Graphical plot for the comparison of performance analysis

The sensitivity results of the proposed method in Fig. 11 showed in terms of high correctness, exactness, completeness, selectivity, and harmonic mean of precision and recall are being referred and to outperforming other compared models. The Antlion Optimization Algorithm for feature selection and Random Forest integrated with XG-Boost for classification contributed to the toughness and efficacy of the model. The proposed method demonstrated promising sensitivity results, highlighting its potential for accurate seasonality disease prediction.

Fig. 11
figure 11

Graphical plot for the comparison of sensitivity analysis

9 Conclusion

In conclusion, the proposed hybrid machine learning model for predicting seasonality diseases based on real-time data from different regions around the Madurai district has shown promising results.

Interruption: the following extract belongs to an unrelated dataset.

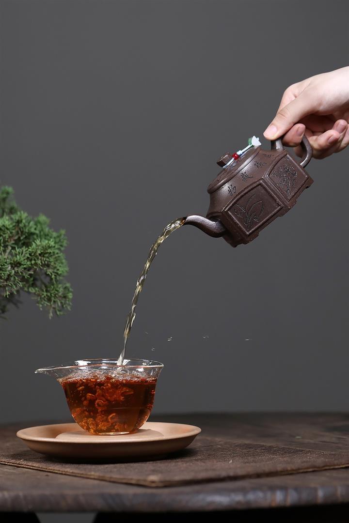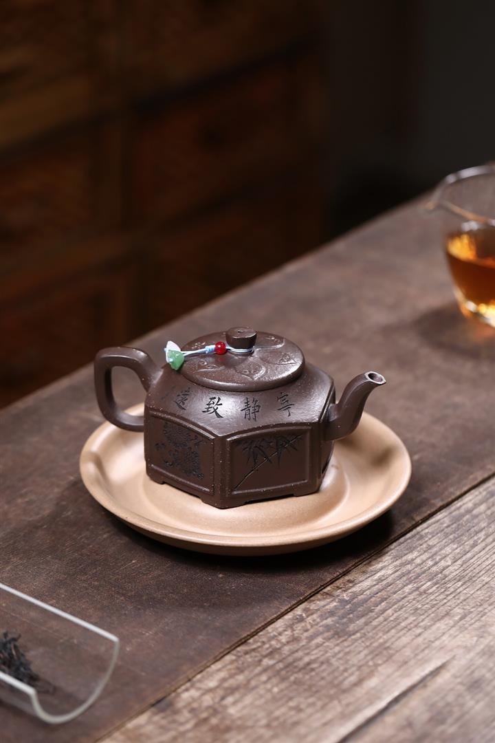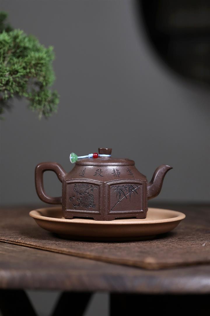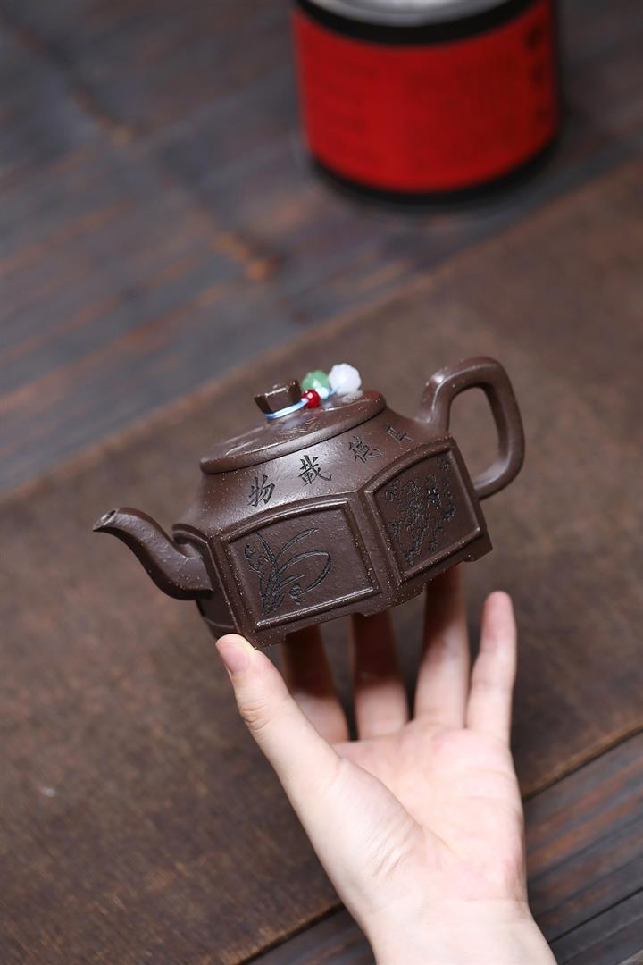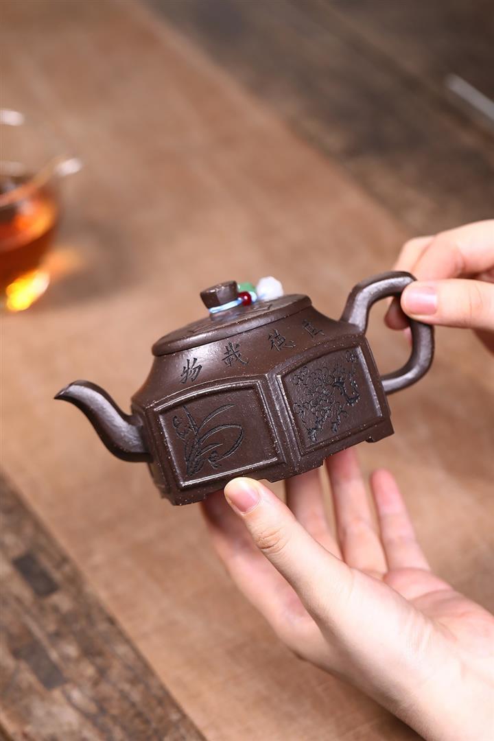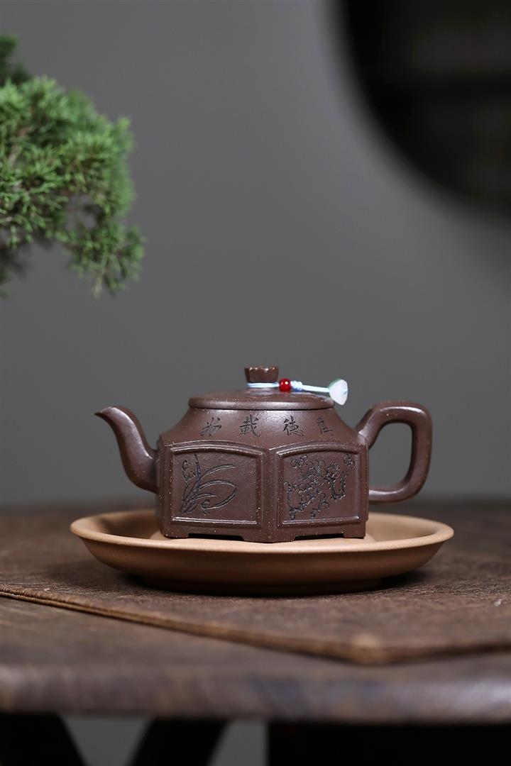 【泥料特點】砂土氣重,似淳實農民,日久使用,漸露鋒芒,養成變化,溫潤莊重。紫砂是壹種雙重氣孔結構的多孔性材質,氣孔微細,密度高。用紫砂壺沏茶,不失原味,且香不渙散,得茶之真香真味。紫砂使用越久,壺身色澤越發光亮照人,氣韻溫雅。紫砂壺長久使用器身會因撫摸擦拭,變得越發溫潤光澤。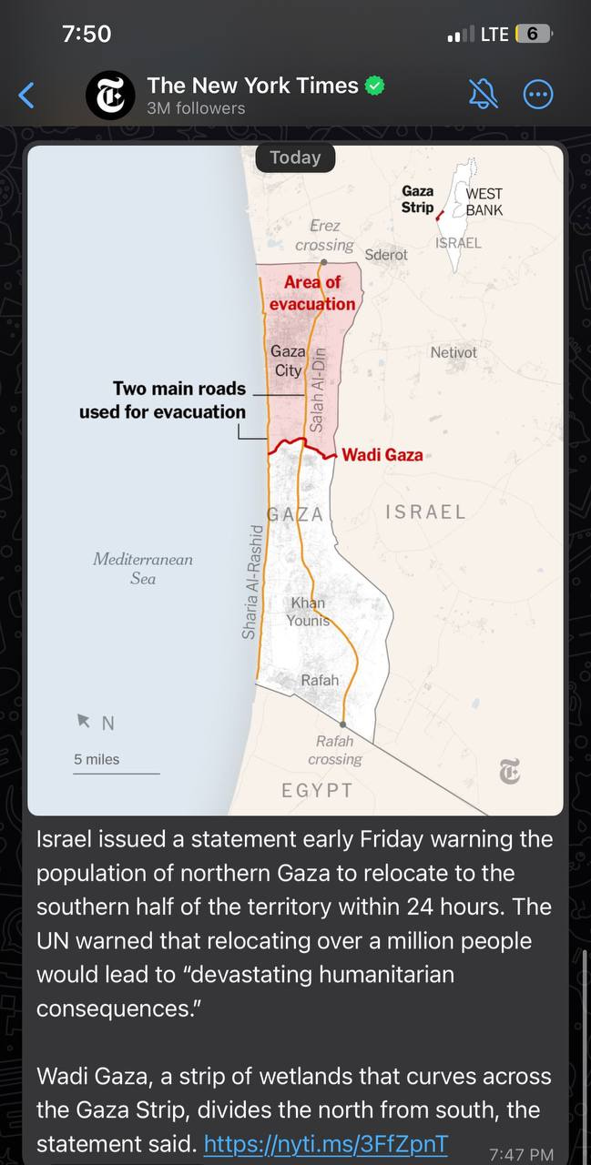They’ve declared their demand for all of northern Gaza to be cleared, with over 1.1 million Palestinians to head to the south half of Gaza:

The use of the Antlion Algorithm and Random Forest integrated with XG-Boost for classification has resulted in high performance analysis. Compared to other models such as ACO-ANN, PSO-RF, WO-RF, and ANOVA-SVM, the proposed model has demonstrated superior performance across all parameters. The industrial benefits of this research are significant. By accurately predicting seasonality diseases, such as dengue, malaria, pneumonia, typhoid, and others, based on real-time data, it can enable proactive measures to be taken to prevent or control outbreaks on time. This can lead to improved public health management, reduced healthcare costs, and more efficient allocation of resources. Additionally, the suggested model can be improved further by integrating DL-based techniques to potentially achieve even higher accuracy and efficiency in disease prediction. Furthermore, the proposed model has the potential for broader applications beyond the Madurai district, as it can be adapted to other regions and extended to incorporate climatic and weather changes for disease prediction. This could contribute to early warning systems for disease outbreaks, aiding in proactive planning and preparedness measures. Overall, the proposed model has significant industrial benefits and holds promise for improving the efficiency of disease prediction and management in real-world scenarios.